I have everything I need to make cheese for the first time. I purchased an external thermostat for the refrigerator in the basement and this is keeping the temp at 50 degrees. I placed a bucket of water in the refrigerator to increase the humidity. However I cannot get the humidity above 65%. Any suggestions? Thank you


----------



## jamesngalveston (Dec 6, 2013)

i have never made cheese, but water alone will not make humidity.
you have to have heat and evaporation...
i would get a slow cooker, put in fridge, fill with water and plug in...and seal the frig best as possible.


----------



## Fabiola (Dec 6, 2013)

Gwand said:


> I have everything I need to make cheese for the first time. I purchased an external thermostat for the refrigerator in the basement and this is keeping the temp at 50 degrees. I placed a bucket of water in the refrigerator to increase the humidity. However I cannot get the humidity above 65%. Any suggestions? Thank you



What kind of cheese did you make and how much humidity do you need, you also need certain temperature, because different cheeses require different temperature and humidity, I may be able to help you if you give that info, also, the best way to increase humidity is with a wet towel or rag, depending on how much humidity your cave needs...


----------



## Gwand (Dec 7, 2013)

Hi Fabiola, I will be making Cantal using a recipe from "Making Artisan Cheese" by Tim Smith. The instructions call for refrigerator temp between 45-55F and humidity between 80-85 percent. Thanks for your help. G


----------



## Fabiola (Dec 7, 2013)

Gwand said:


> Hi Fabiola, I will be making Cantal using a recipe from "Making Artisan Cheese" by Tim Smith. The instructions call for refrigerator temp between 45-55F and humidity between 80-85 percent. Thanks for your help. G



This is what I do and works for me every time, well, taking in consideration that I live in a very dry place (NM) compared with yours, I have a pot full with water in the fridge to increase humidity, when the pot is not enough I throw a wet towel, the size of the towel will determine how much water will hold, and therefore, how much humidity, so basically you just need to monitor and increase or decrease the towel size or the amount of water in it, whatever is the case, when the humidity needed is 1 or 2 degrees only, wet paper towels or napkins will work...


----------



## Gwand (Dec 7, 2013)

Wow.
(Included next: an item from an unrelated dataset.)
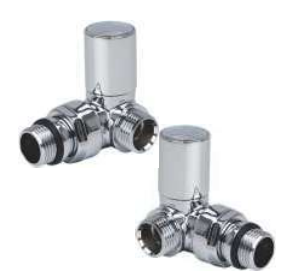
Crova Chrome Corner Valve

I shall try this tonight. Thanks again. G


----------



## Gwand (Dec 8, 2013)

Fabiola, The wet towel worked perfectly. Thank you so much.


----------



## Fabiola (Dec 8, 2013)

Gwand said:


> Fabiola, The wet towel worked perfectly. Thank you so much.



You are welcome...


----------



## Fabiola (Dec 9, 2013)

Gwand, if you want to become pro, of think this is worth your investment, you can try one of these babies, they go from $6-$100 in Amazon, just be careful when buying cigar humidifiers, because they normally reach a humidity of 70-72%, and you want to reach 80% for cheese, so just pick one that goes to 80, some people also use cigar humidors to store cheese, whatever works for you... "Blessed are the Cheesemakers" ~Life of Brian (1979).

http://www.amazon.com/s/ref=nb_sb_s...umidifier,aps,171&rh=i:aps,k:cigar humidifier


----------



## Gwand (Dec 9, 2013)

Fabiola. Thanks so much. Excellent idea. G


----------